RNS Number : 4049K
Kinovo PLC
25 August 2023
 

25 August 2023

Kinovo plc ("Kinovo" or the "Company")

Rule 2.9 announcement

In accordance with Rule 2.9 of the City Code on Takeovers and Mergers (the "Code"), Kinovo confirms that as at the date of this announcement, it has 62,788,214 ordinary shares of £0.10 each in issue. Kinovo holds no ordinary shares in treasury. The total number of voting rights in Kinovo is currently 62,788,214. The International Securities Identification Number for Kinovo ordinary shares is GB00BV9GHQ09.

 

Enquiries

Kinovo plc


Sangita Shah, Chairman

David Bullen, Chief Executive Officer

 

(via Hudson Sandler)

 


Canaccord Genuity Limited (Financial Adviser, Nominated Adviser and Broker)

+44 (0)20 7523 8000

Bobbie Hilliam

Adam James

Andrew Potts

Harry Rees




Hudson Sandler (Financial PR)

+44 (0) 20 7796 4133

Dan de Belder


Harry Griffiths




Canaccord Genuity Limited, which is authorised and regulated in the United Kingdom by the FCA, is acting as financial adviser and corporate broker exclusively for Kinovo and for no one else in connection with the Possible Offer and will not regard any other person as its client in relation to the matters referred to in this announcement and will not be responsible to anyone other than Kinovo for providing the protections afforded to clients of Canaccord Genuity Limited, nor for providing advice in relation to the Possible Offer or any other matter referred to in this announcement.
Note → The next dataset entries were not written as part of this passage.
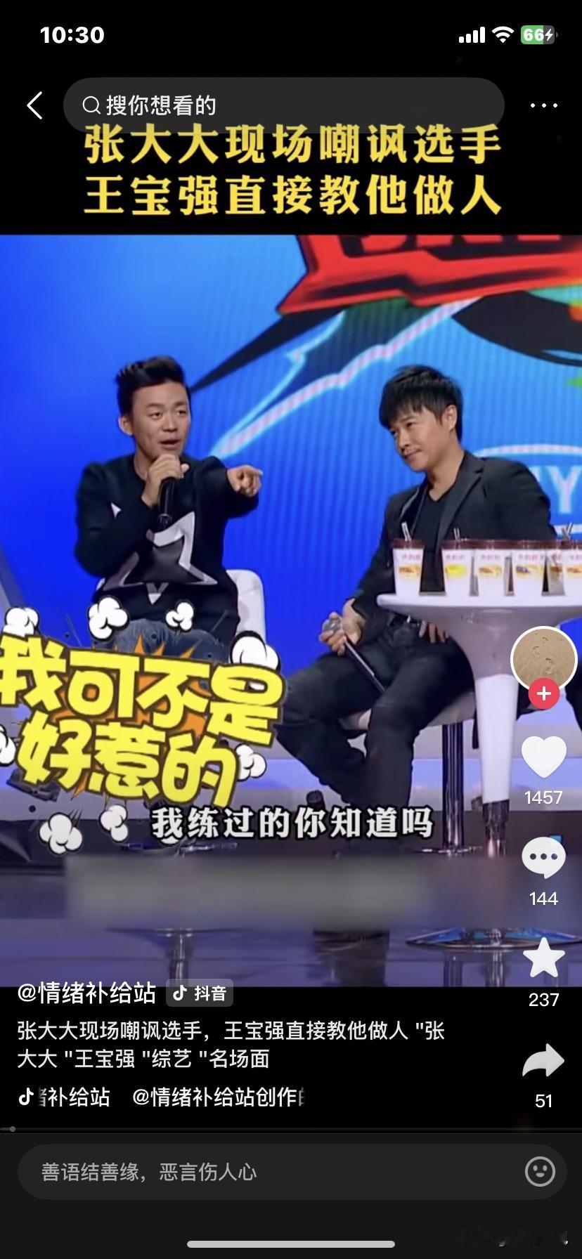 2015年,张大大指着王宝强,恶狠狠地说:“王宝强信不信我弄死你?” 王宝强霸气回击:“我练过的你知道吗?” 事情发生在《偶滴歌神啊》的录制现场。当时,王宝强和陈思诚前来宣传电影《唐人街探案》,节目中有个猜隐藏歌手身份的游戏环节。 王宝强认为游戏规则存在问题,歌手身份隐藏得过于浅显,一眼便能猜出。他当场指出,这样的设定是在侮辱观众的智商。 这话可把张大大惹恼了,他直接质问王宝强:“你是在教我做节目吗?”节目气氛瞬间变得紧张起来。 陈思诚看不惯张大大对王宝强的态度,接话怼道:“就是来教你做人的。”张大大没敢与陈思诚针锋相对,便将矛头转向了王宝强。他指着王宝强,放出狠话,声称信不信自己能把王宝强怎么样,让王宝强老实点。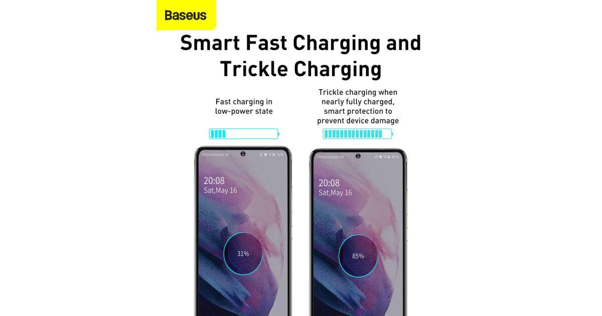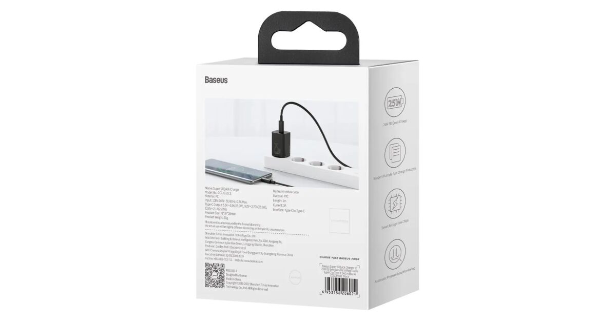Technologia Baseus Super Si pozwala na połączenie małych rozmiarów z wysoką wydajnością. Wbudowany inteligentny system automatycznie dostosowuje prąd ładowania do urządzenia, optymalizując proces ładowania i chroniąc je przed uszkodzeniem. Obudowa z tworzywa ABS przyczynia się do efektywnego odprowadzania ciepła.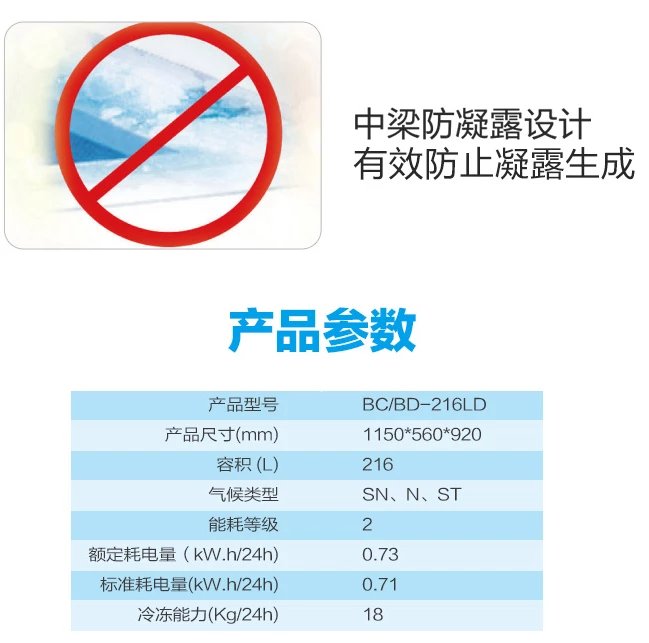 cdfh0821pfj 海尔Leader 216升 单温冷柜 电冰柜 蝶形盖 带菜篮 带内玻璃 BC/BD-216LD

Publication of this announcement

In accordance with Rule 26.1 of the Code, a copy of this announcement will be available on the Company's website at www.Kinovoplc.com by no later than 12 noon (London time) on the business day following this announcement. The content of the website referred to in this announcement is not incorporated into and does not form part of this announcement.

Disclosure requirements of the Code

Under Rule 8.3(a) of the Code, any person who is interested in 1% or more of any class of relevant securities of an offeree company or of any securities exchange offeror (being any offeror other than an offeror in respect of which it has been announced that its offer is, or is likely to be, solely in cash) must make an Opening Position Disclosure (as defined in the Code) following the commencement of the offer period and, if later, following the announcement in which any securities exchange offeror is first identified. An Opening Position Disclosure must contain details of the person's interests and short positions in, and rights to subscribe for, any relevant securities of each of (i) the offeree company and (ii) any securities exchange offeror(s). An Opening Position Disclosure by a person to whom Rule 8.3(a) applies must be made by no later than 3.30 pm (London time) on the 10th business day following the commencement of the offer period and, if appropriate, by no later than 3.30 pm (London time) on the 10th business day following the announcement in which any securities exchange offeror is first identified. Relevant persons who deal in the relevant securities of the offeree company or of a securities exchange offeror prior to the deadline for making an Opening Position Disclosure must instead make a Dealing Disclosure (as defined in the Code).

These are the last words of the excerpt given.